Libby Found Guilty in CIA Leak Trial

Tuesday 06 March 2007

Former White House aide I. Lewis "Scooter" Libby was convicted Tuesday of obstruction, perjury and lying to the FBI in an investigation into the leak of a CIA operative's identity.

Washington - Former White House aide I. Lewis "Scooter" Libby was convicted Tuesday of obstruction, perjury and lying to the FBI in an investigation into the leak of CIA operative Valerie Plame's identity to reporters.

Libby, former chief of staff to Vice President Dick Cheney, was acquitted on just one of five charges after a trial that focused renewed attention on the Bush administration's claims of evidence about weapons of mass destruction in the run-up to the Iraq war.

Libby had little reaction to the verdict. He stood expressionless as the jury left the room. His lawyer, Theodore Wells, said they were "very disappointed" with the verdict.

Special prosecutor Patrick Fitzgerald said he was gratified by the verdict.
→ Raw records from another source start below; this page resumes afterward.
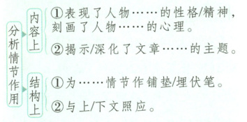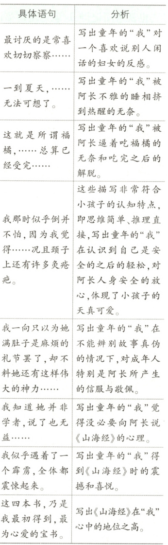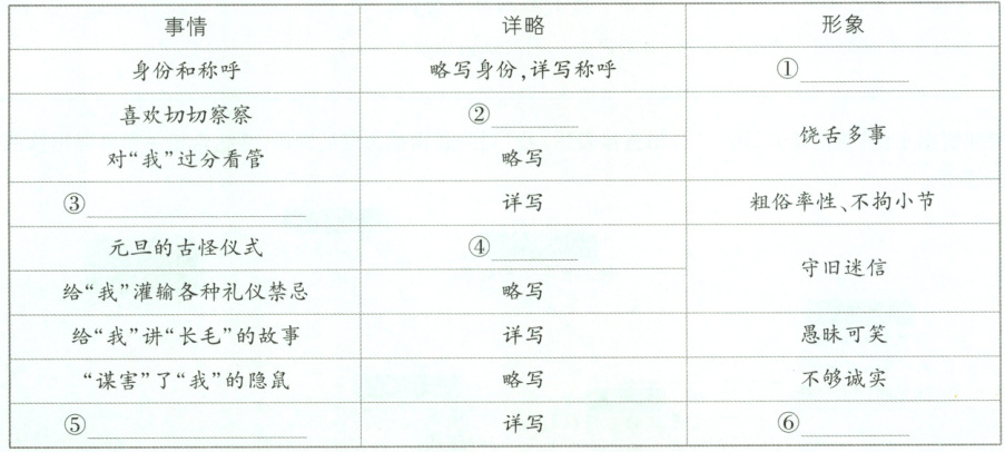 [参考答案] ①身份低微 ②略写 ③睡觉摆成“大”字 ④详写 ⑤给“我”买《山海经》 ⑥热心善良、仁厚慈爱
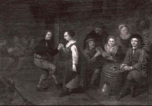 Zechende Bauern Mit Einem Soldaten In Einem Wirtshaus
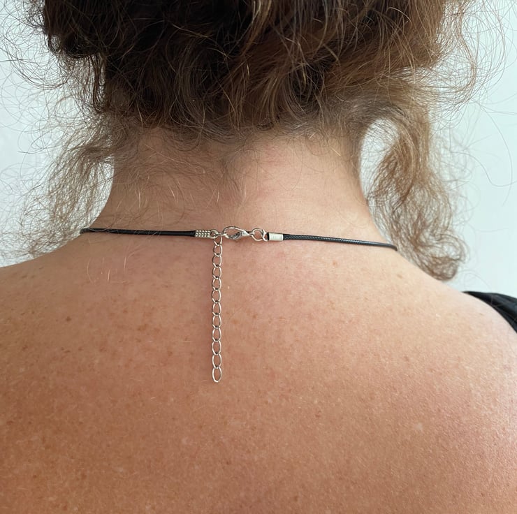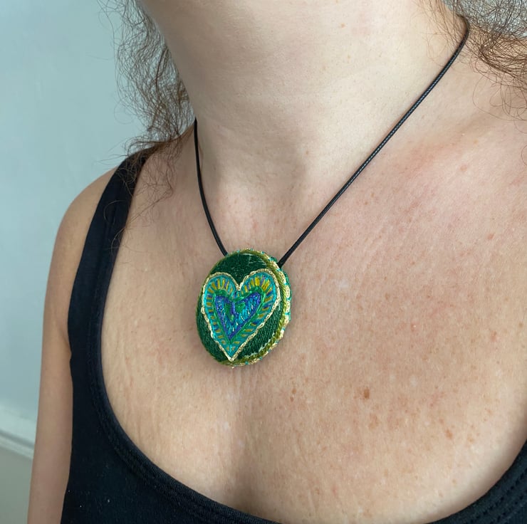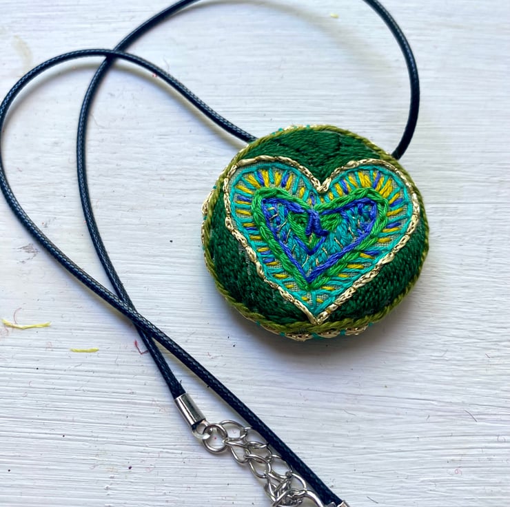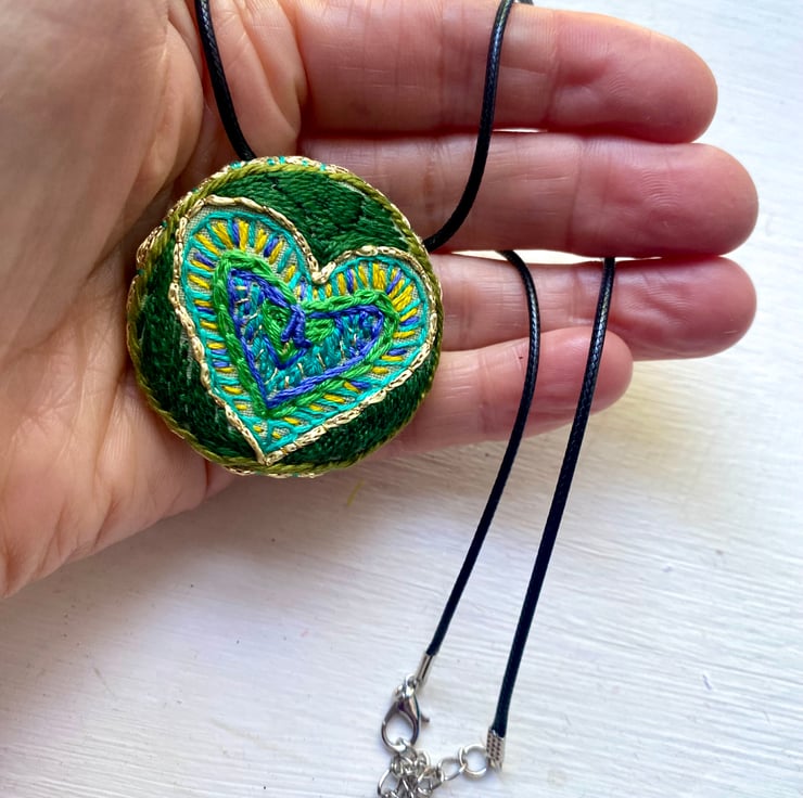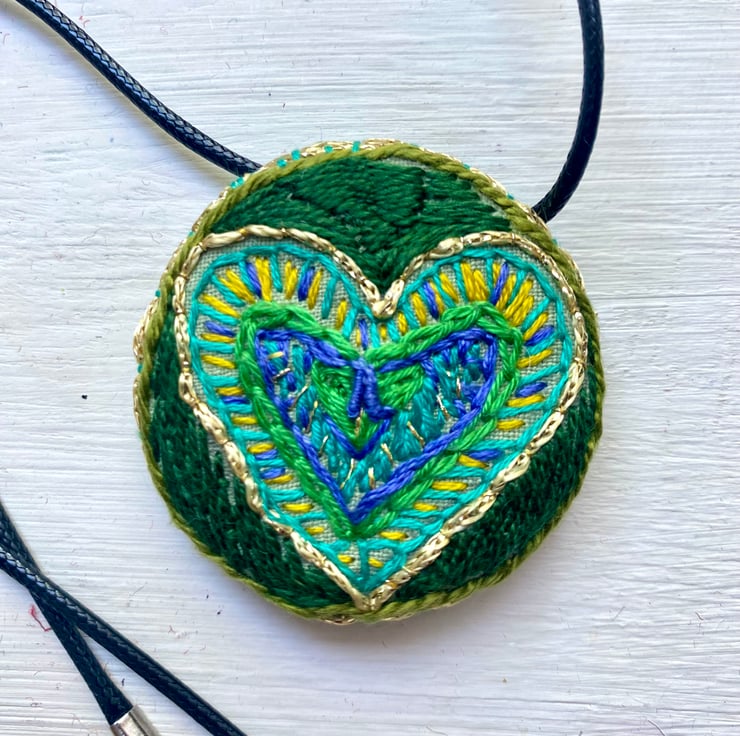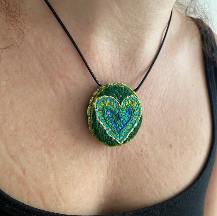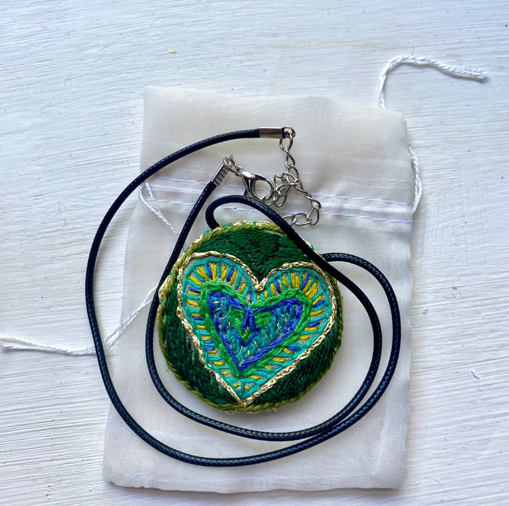 Hand stitched in rich colours this pendant makes a beautiful token of love for a special friend or relative. It’s made with love for the environment incorporating reclaimed fabric and vintage threads. The 1.5 inch diameter pendant hangs just below the collar bone on a 17 inch adjustable clamp fastening cord and comes in a voile pouch.
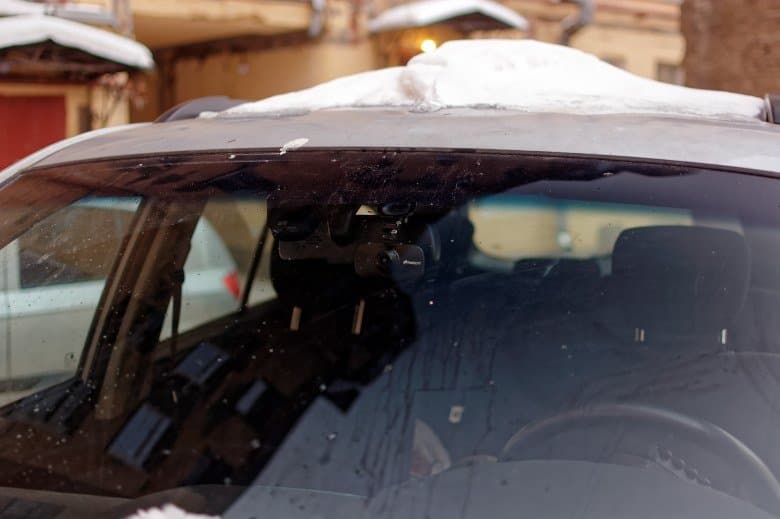 Если хочется установить видеорегистратор повыше, то приходится делать это чуть сбоку от крепления зеркала. И вот тут-то снова выясняется, что если хочется сделать это слева — нужно делать достаточно большой отступ, потому что справа у кронштейна находится штекер питания (причем обычный, не Г-образный), а если справа — то еще больше, потому что именно в этом секторе проворачивается ручка-активатор присоски. Учитывая то, что штекер питания торчит вправо, нам кажется, что наиболее близким к идеалу будет расположение прибора справа от крепления зеркала заднего вида.
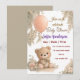 reate a heartwarming first impression with this beautifully designed blush teddy bear baby shower invitation. Featuring an adorable watercolor bear placed at the bottom center, delicate floral accents, and a softly textured pastel balloon, this design blends elegance with sweetness. The gentle blush wash background and clean center space provide the perfect area for adding your personalized event details.
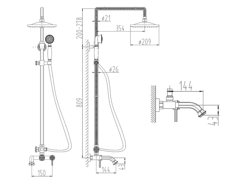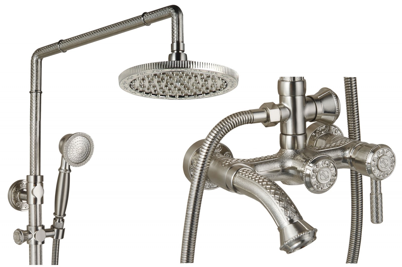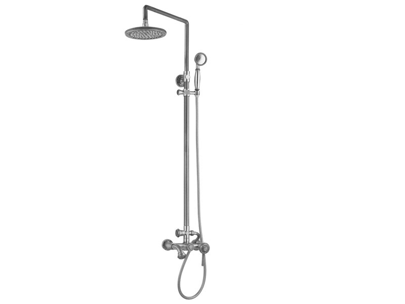 Душевая стойка ZorG Antic в ретро-стиле сочетает элегантный серебристый дизайн с функционалом: верхний тропический душ, удобная ручная лейка и регулировка высоты штанги для комфортного использования всей семьей.

"The results are actually sad," he added. "It's sad that we had a situation where a high level official person who worked in the office of the vice president obstructed justice and lied under oath. We wish that it had not happened, but it did."
White House deputy press secretary Dana Perino said that President Bush "respected the jury's verdict" and said he was "saddened for Scooter Libby and his family."
Perino said there will be no more White House comment because it is an ongoing legal case. She said that Bush had watched the verdict on television in the Oval Office with White House chief of staff Josh Bolten and senior adviser Dan Bartlett.
Senate Majority Leader Harry Reid welcomed the jury's verdict. "It's about time someone in the Bush Administration has been held accountable for the campaign to manipulate intelligence and discredit war critics," he said.
Although Libby was the one convicted, Reid said, "his trial revealed deeper truths about Vice President Cheney's role in this sordid affair. Now President Bush must pledge not to pardon Libby for his criminal conduct."
Asked about that, Perino said, "I'm not commenting on a hypothetical situation" and added that "I'm aware of no such request."